Row disambiguation rules (§9.3 "first-unquoted-delimiter vs first-unquoted-colon") are unchanged: rows still contain only primitive values separated by the active delimiter, with no unquoted colons.

Examples

Before (current spec)

orders[2]:
  - id: 1
    customer:
      name: Alice
      country: DK
    total: 99
  - id: 2
    customer:
      name: Bob
      country: UK
    total: 149

After (proposed)

orders[2]{id,customer{name,country},total}:
  1,Alice,DK,99
  2,Bob,UK,149

Multiple nested columns

shipments[1]{id,sender{name,city},receiver{name,city}}:
  s1,ACME,Berlin,Globex,Oslo

Non-uniform column falls back

{ "entries": [
  { "id": 1, "meta": { "a": 1 } },
  { "id": 2, "meta": { "b": 2 } }
]}

meta has different keys per row, so the array is encoded in expanded list form (§9.4) exactly as in TOON v3.

Alternative delimiter (pipe)

orders[2|]{id|customer{name|country}|total}:
  1|Alice|DK|99
  2|Bob|UK|149

Drawbacks

  • Header lines become denser and slightly harder for humans to scan when many columns are nested.
  • Decoder parsing of the fields segment needs brace-depth tracking, a small increase over the current flat split. (Reference implementation: ~50 LOC.)
  • Adds one more case to §9.3's detection logic; encoders must recurse over each column to classify it as primitive / nested-uniform / non-uniform.
  • Introduces a second mechanism for compressing nested structure alongside key folding (§13.4), which could feel redundant for the subset of shapes where both apply.
  • Decoders built for v3 will hard-fail on documents using the new syntax (unmatched {).
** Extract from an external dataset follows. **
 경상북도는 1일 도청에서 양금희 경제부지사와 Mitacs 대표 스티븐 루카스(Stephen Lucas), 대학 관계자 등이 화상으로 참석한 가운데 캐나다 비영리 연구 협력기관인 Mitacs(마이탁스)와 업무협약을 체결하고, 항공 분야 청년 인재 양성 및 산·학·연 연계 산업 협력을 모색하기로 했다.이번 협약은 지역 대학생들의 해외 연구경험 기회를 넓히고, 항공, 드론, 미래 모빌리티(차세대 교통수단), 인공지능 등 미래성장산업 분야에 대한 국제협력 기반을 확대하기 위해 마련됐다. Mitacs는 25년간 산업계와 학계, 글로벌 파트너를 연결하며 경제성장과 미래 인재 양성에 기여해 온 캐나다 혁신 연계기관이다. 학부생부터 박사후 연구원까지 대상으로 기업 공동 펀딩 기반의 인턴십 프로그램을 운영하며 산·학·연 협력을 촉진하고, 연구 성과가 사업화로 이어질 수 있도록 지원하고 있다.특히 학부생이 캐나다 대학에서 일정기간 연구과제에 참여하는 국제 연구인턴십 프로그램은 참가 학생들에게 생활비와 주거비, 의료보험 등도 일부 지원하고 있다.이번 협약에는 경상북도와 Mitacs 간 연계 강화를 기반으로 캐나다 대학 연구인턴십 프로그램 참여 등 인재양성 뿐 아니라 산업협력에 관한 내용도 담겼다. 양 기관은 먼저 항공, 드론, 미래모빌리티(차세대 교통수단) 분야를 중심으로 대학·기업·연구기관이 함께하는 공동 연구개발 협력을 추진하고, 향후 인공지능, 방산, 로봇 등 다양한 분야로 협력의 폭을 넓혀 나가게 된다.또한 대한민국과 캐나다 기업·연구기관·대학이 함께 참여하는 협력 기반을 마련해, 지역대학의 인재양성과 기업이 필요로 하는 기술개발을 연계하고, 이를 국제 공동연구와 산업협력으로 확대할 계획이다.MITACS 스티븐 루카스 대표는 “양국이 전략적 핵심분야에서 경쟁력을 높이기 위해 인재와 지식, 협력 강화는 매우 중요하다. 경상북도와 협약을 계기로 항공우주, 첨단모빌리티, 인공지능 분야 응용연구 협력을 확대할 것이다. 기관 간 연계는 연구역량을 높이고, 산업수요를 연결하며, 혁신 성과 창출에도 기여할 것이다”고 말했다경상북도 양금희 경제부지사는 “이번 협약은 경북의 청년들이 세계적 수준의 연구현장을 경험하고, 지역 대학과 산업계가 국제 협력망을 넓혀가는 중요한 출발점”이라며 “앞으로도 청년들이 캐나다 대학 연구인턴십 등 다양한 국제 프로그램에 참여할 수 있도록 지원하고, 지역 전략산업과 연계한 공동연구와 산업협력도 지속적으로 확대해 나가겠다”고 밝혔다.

That is the correct fail-closed behaviour for a format extension, but it does mean v3.0 and post-RFC implementations cannot freely mix.

Alternatives Considered

Alternative 1: Key folding (§13.4) only

Key folding collapses single-key chains into dotted paths. It does not help here because customer is not a single-key wrapper — it has multiple sibling keys (name, country). The two mechanisms are orthogonal: folding targets chains, this RFC targets groups.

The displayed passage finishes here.